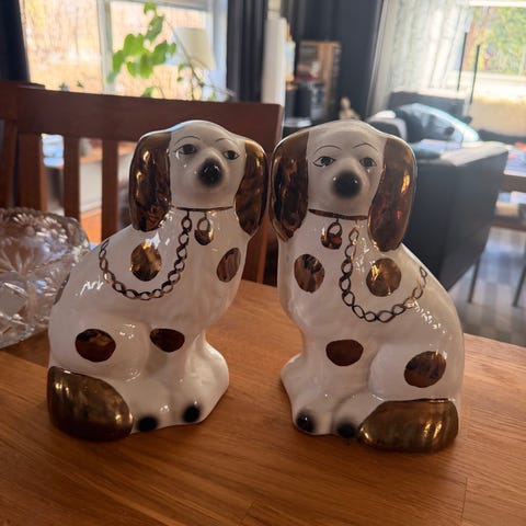 Porslinsfigurer elefanter och figur med barn vit flerfärgad
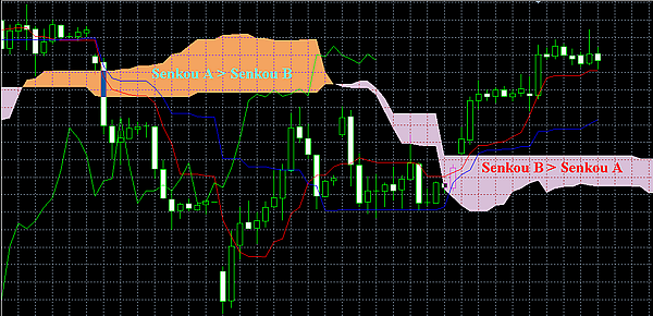 Kumo (яп. 雲 — облако) — промежуток между Senkou A и Senkou B, показывающий волатильность рынка.
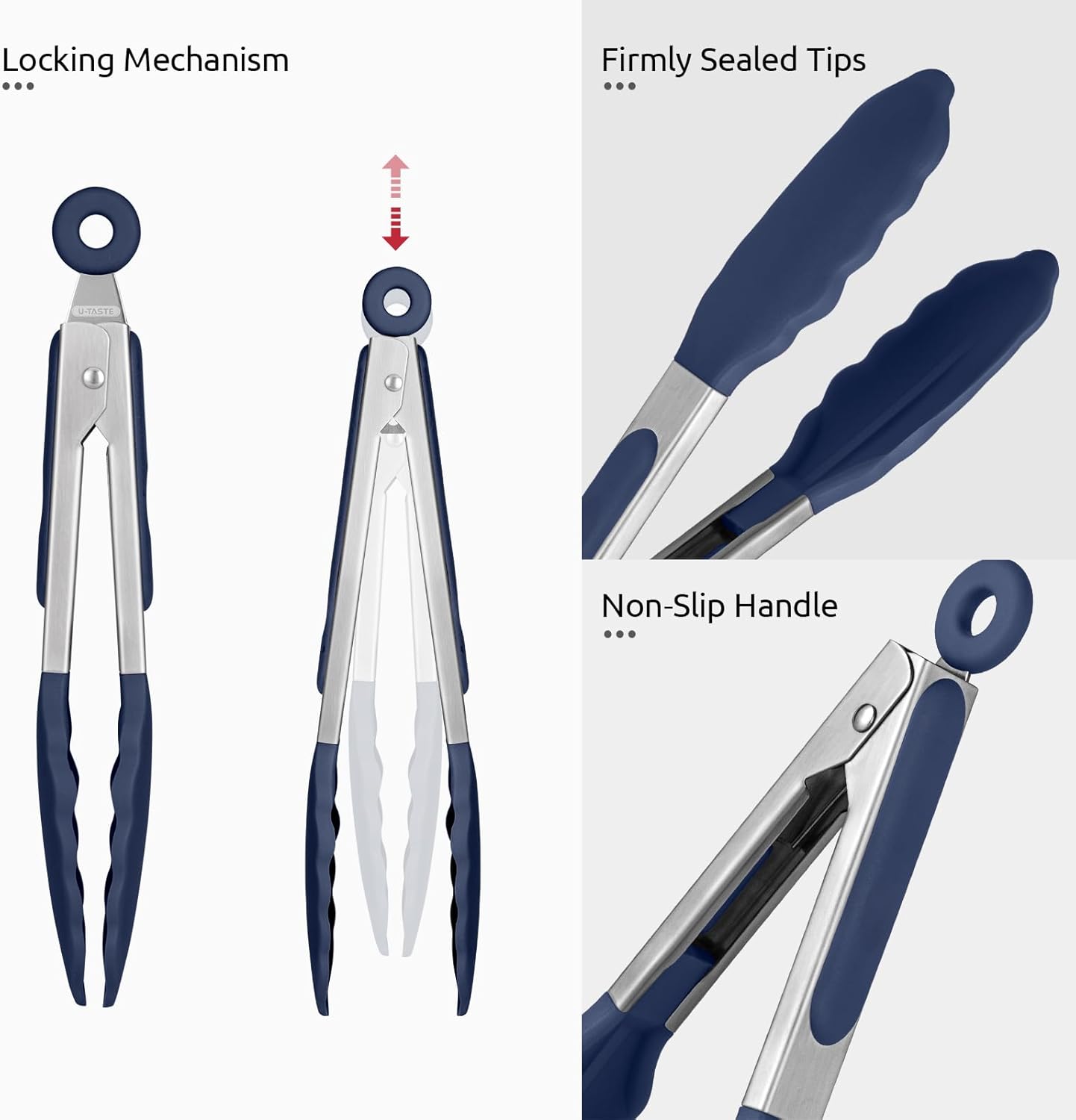 600ºF Heat Proof Kitchen Tong: U-Taste 7" Silicone Cooking Tong with Firm Sealed Non Stick Rubber Tips & Silicon Coated 18/8 Stainless Steel Handle & Smooth Locking for Serving Salad (Midnight Blue)

•••

## YOUR OBJECTIVE
Would you copy out all the data exactly, without the images?

## FINISHED EXERCISE
 Porslinsfigurer elefanter och figur med barn vit flerfärgad
 Kumo (яп. 雲 — облако) — промежуток между Senkou A и Senkou B, показывающий волатильность рынка.
 600ºF Heat Proof Kitchen Tong: U-Taste 7" Silicone Cooking Tong with Firm Sealed Non Stick Rubber Tips & Silicon Coated 18/8 Stainless Steel Handle & Smooth Locking for Serving Salad (Midnight Blue)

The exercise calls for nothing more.